• WHAT YOU HAVE TO DO: Your answer must be an exact copy of the lines below, from the first through the one with "По словам пассажиров, только", with no pictures.

• STORED DATA:
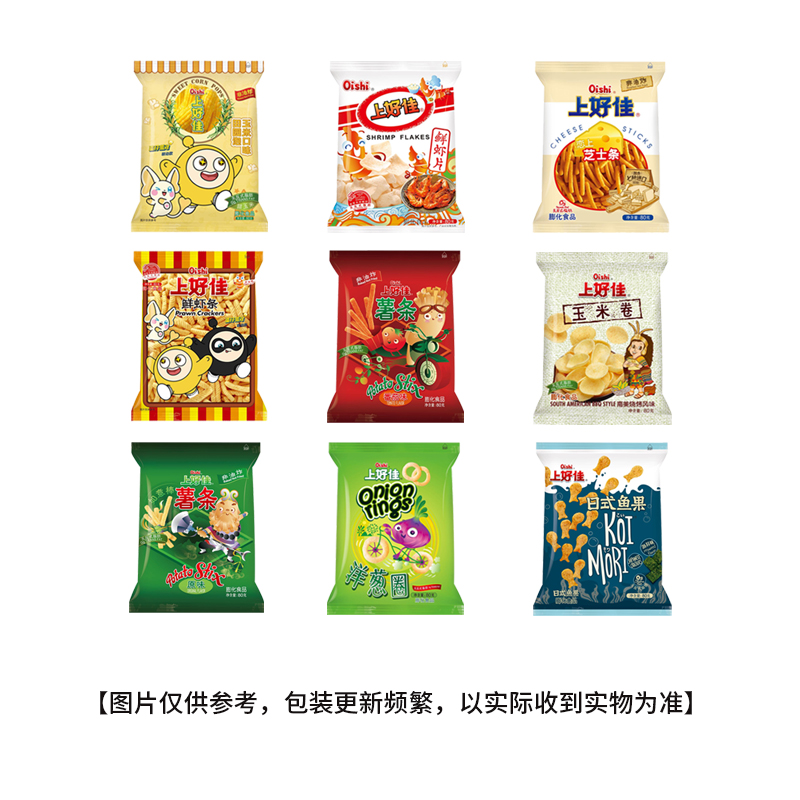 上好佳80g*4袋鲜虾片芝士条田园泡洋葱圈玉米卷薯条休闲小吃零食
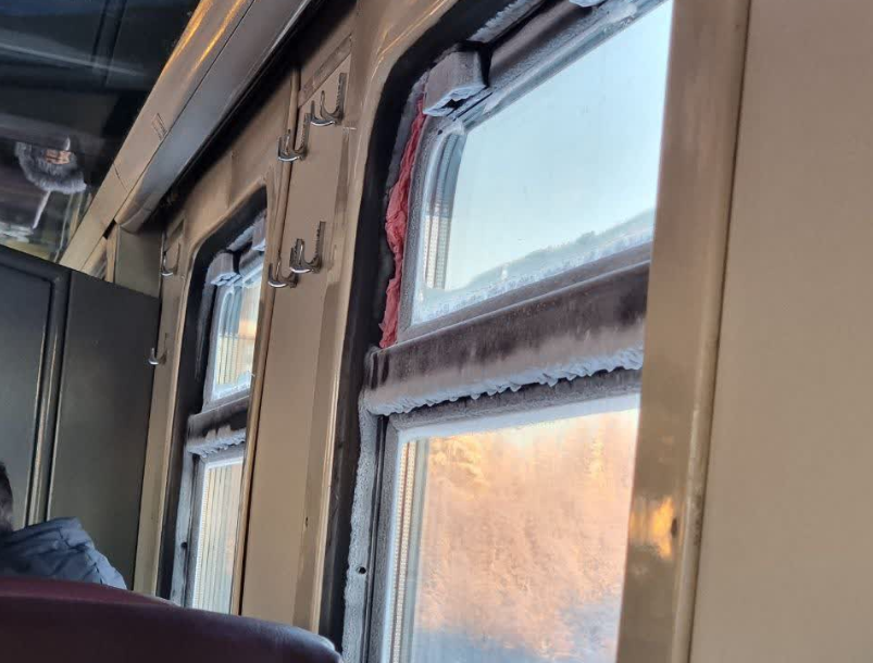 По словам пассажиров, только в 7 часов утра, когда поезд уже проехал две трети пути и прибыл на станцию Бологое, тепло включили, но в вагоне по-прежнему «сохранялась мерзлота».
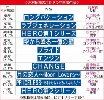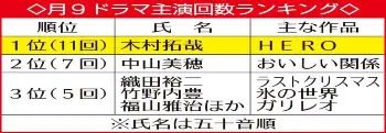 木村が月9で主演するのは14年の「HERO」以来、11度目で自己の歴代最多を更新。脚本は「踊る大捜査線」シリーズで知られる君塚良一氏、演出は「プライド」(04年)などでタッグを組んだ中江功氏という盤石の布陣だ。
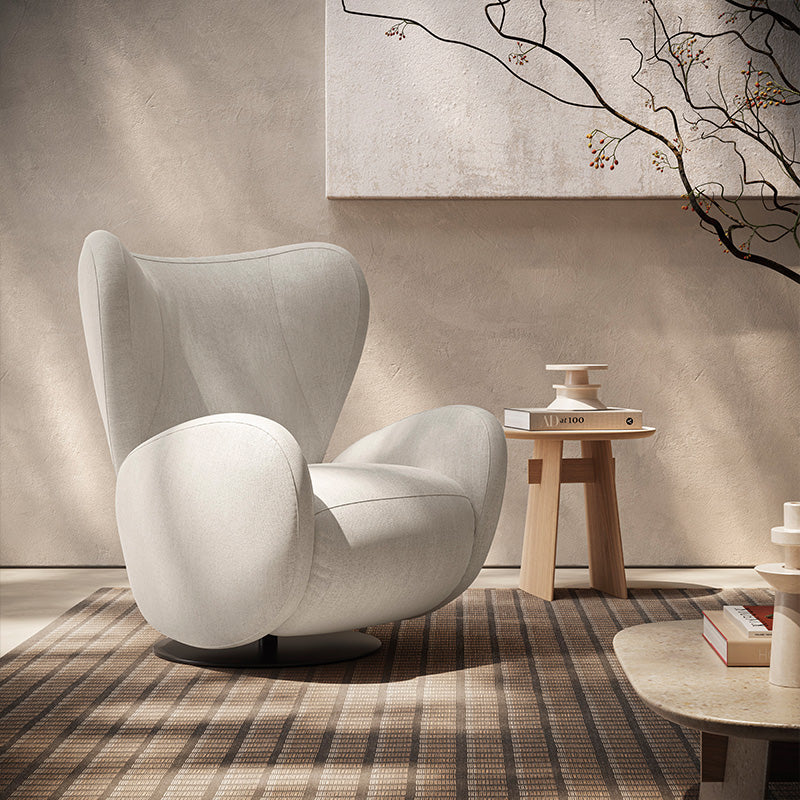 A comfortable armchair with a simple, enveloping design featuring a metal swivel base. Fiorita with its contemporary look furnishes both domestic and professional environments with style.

• ANSWER TO THIS EXERCISE:
 上好佳80g*4袋鲜虾片芝士条田园泡洋葱圈玉米卷薯条休闲小吃零食
 По словам пассажиров, только в 7 часов утра, когда поезд уже проехал две трети пути и прибыл на станцию Бологое, тепло включили, но в вагоне по-прежнему «сохранялась мерзлота».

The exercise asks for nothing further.